Flying
in a military C-130 through the dark Iraqi night, our civilian observation
team had an unscheduled guest. At the last moment, an unidentified soldier
had been brought aboard. He had been killed that day by a roadside bomb.
It was a somber and clarifying experience about what was at stake.
That last
week was the bloodiest week of the war, increasing the total American
military personnel killed in action since the end of major combat in
Iraq to 140. One reads about the four to six soldiers now dying every
day and the 40 wounded--but it is just a statistic. But it hits home
when you are riding through a war-torn land in a darkened aircraft with
a fallen hero.
The
Department of Defense asked me recently to join a delegation to learn
more about Iraq's reconstruction. I had been opposed to United States
ground forces in Iraq but was impressed that Secretary Donald Rumsfeld
had insisted that the number of American troops on the ground be limited-only
enough to win the war but not so many to become bogged down afterwards.
Once the active war was won, his plan was to quickly turn control to
the Iraqis.
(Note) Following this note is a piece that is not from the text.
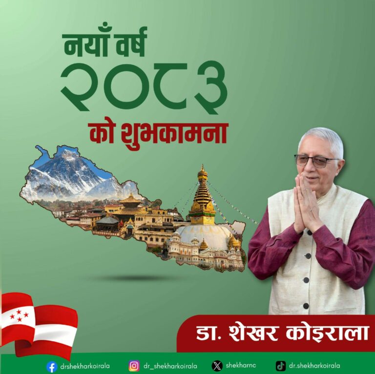 नेपाली कांग्रेसका नेता डा. शेखर कोइरालाले नयाँ वर्ष २०८३ को अवसरमा सम्पूर्ण नेपाली दाजुभाइ तथा दिदीबहिनीमा सुख, शान्ति र समृद्धिको कामना गर्नुभएको छ।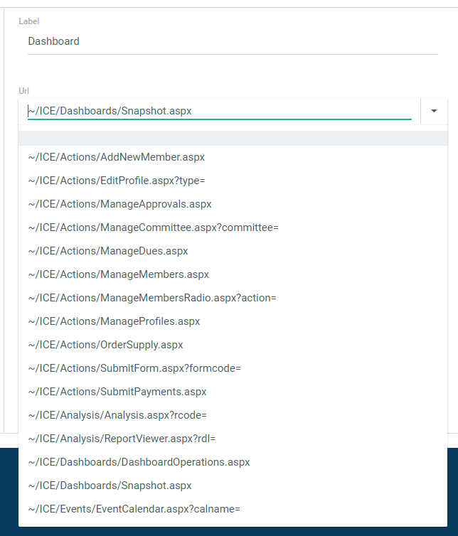 URL: URL for menu item (Note that some URLs require a parameter). A URL from the list does not have to be chosen. A non-ICE URL can be inserted.

But, with the pressure from influential U.S. voices to increase
troop levels substantially and to remain indefinitely until a functioning
democracy could be created, I signed up for the rigors of the trip to
the combat zone to learn whether the secretary's message had reached
the troops.
The
news from Iraq is good. The end of the U.S. occupation is in sight and
the military and civilian leaders are moving enthusiastically and rationally
to implement the plan. In fact, it appears that the military leadership
in Iraq has been leading the Pentagon. For the indisputable fact is
that American forces are stretched "to the breaking point,"
as one military leader in Iraq observed. A single rotation cycle of
training, deployment and recover would exhaust the entire U.S. military
force. He concluded that two years was the maximum strain that could
be digested by his forces. The following day President George W. Bush
announced that the number of troops would be reduced from 132,000 to
100,000 by April 2004.
On the
ground, orderly preparations are being implemented. The scattered forces
necessary for occupation are being consolidated in an operation "local
standoff" so that they will become less vulnerable to attack, especially
in dangerous Baghdad. One senior officer predicted that the number of
fixed locations would be down to a handful by April in Baghdad and to
a few score in the rest of the country. He flatly said the occupation
would be over by the end of 2005, with the remaining coalition troops
left in isolated and well-defended bases for emergency use.
In
the meantime, the job is to provide security and government services.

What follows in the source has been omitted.